The Ningbo Institute of Materials Technology and Engineering (NIMTE) has developed a lateral-line-like underwater mechanical sensor (LUMS) that can actively detect water depth across a wide range of 0.3-1.8 m and sensitively collect mechanical stimuli from both land and water. The research was published in the Nano-Micro Letters.
Flexible sensors with capabilities such as sensing underwater depth and perceiving liquid level variations have been intensively investigated as a result of the development of diverse underwater activities such as water environment monitoring and underwater biological tracking. Designing flexible, undetectable and reliable underwater sensors in a unified system for broad water level sensing and sensitive vibrations observation remains a difficult task.
Fish have specific skin sensors, known as the lateral line, which are found on both sides of the fish’s belly and head and can observe changes in water flow rate and pressure.

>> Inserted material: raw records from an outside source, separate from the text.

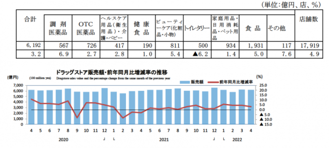 商業動態統計によれば4月のドラッグストア販売額は6192億円、前年同月比3.2%増。ドラッグストアは好調が続く。店舗数は1万7919店と前年同月比4.9%の増加だ。
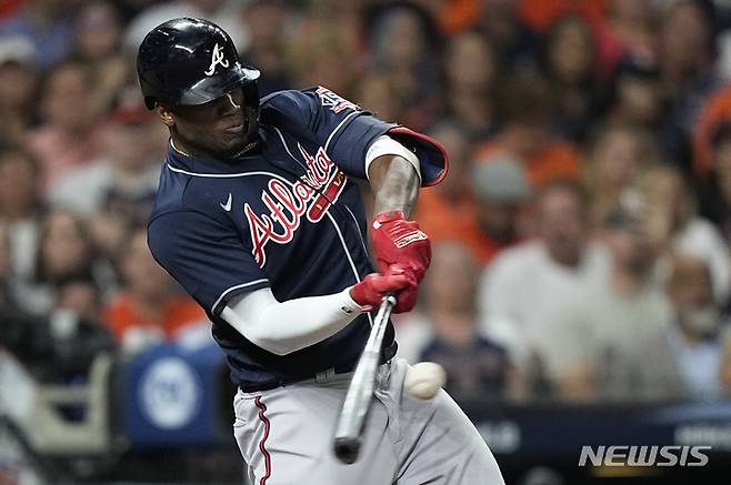 [휴스턴=AP/뉴시스] 애틀랜타 브레이브스의 호르헤 솔레어가 26일(현지시간) 미 텍사스주 휴스턴의 미닛 메이드 파크에서 열린 2021 메이저리그 월드시리즈(WS·7전4선승제) 1차전 휴스턴 애스트로스와의 경기 1회 초 선두타자로 나와 홈런을 치고 있다. 솔레어는 월드시리즈 사상 첫 1회 초 선두타자 홈런을 때려낸 선수가 됐다. 애틀랜타는 1차전을 6-2 승리로 장식해 먼저 1승을 따냈다. 2021.10.27.
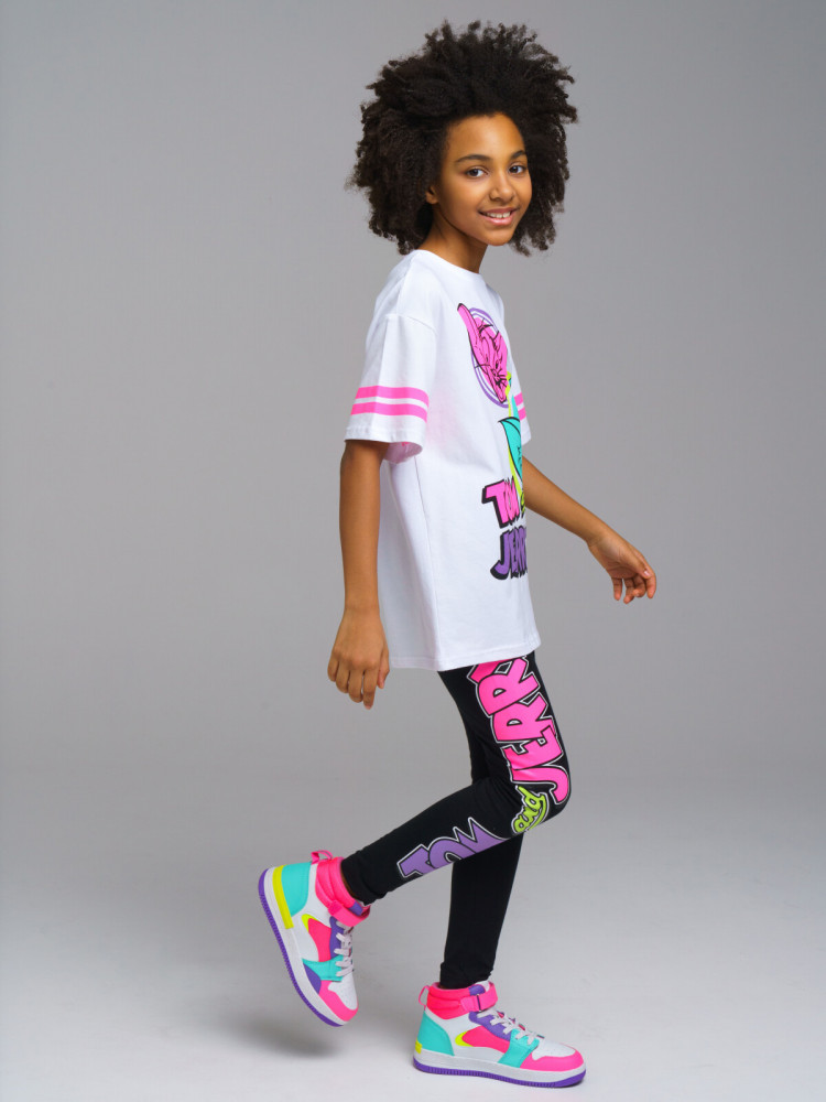 Комплект: футболка и легинсы из качественного эластичного и приятного на ощупь трикотажа. Эластичный пояс. Высокое содержание хлопка 95%. Благодаря наличию эластана в составе ткани изделие держит форму и меньше мнется.

The researchers at NIMTE of the Chinese Academy of Sciences (CAS), headed by Prof. Tao Chen, created an undersea sensor based on the graphene/Ecoflex Janus film, which has been formed at the water/air interface, motivated by the lateral line’s structure and functions.
The self-Janus film deforms when the LUMS is submerged due to the combined force of the hydraulic pressure and the air pressure in the air chamber. This deformation generates a change in the sensor’s resistance, which causes a real-time electrical signal change to provide stable underwater depth sensing.
The range of detecting depth may be changed by modifying the size of the graphene/Ecoflex Janus film on LUMS, enabling a broad underwater depth range of 0.3-1.8 m, thanks to the superior adaptable and morphable properties of the graphene-based layer.
In addition to small underwater vibrations (for example, wind blowing, pouring), the created multifunctional LUMS can detect mechanical stimulation from land sensitively in real-time, such as banging, stomping, and so on.
This study of a lateral-line-inspired undersea sensor has some implications for future research into underwater detection and vibration perception.
The Natural Science Foundation of China, the Sino-German Mobility Program, and the CAS’ Key Research Program of Frontier Sciences contributed to this research.
Wang, Q., et al. (2022) Bioinspired Adaptive, Elastic, and Conductive Graphene Structured Thin-Films Achieving High-Efficiency Underwater Detection and Vibration Perception. Nano-Micro Letters. doi.org/10.1007/s40820-022-00799-4.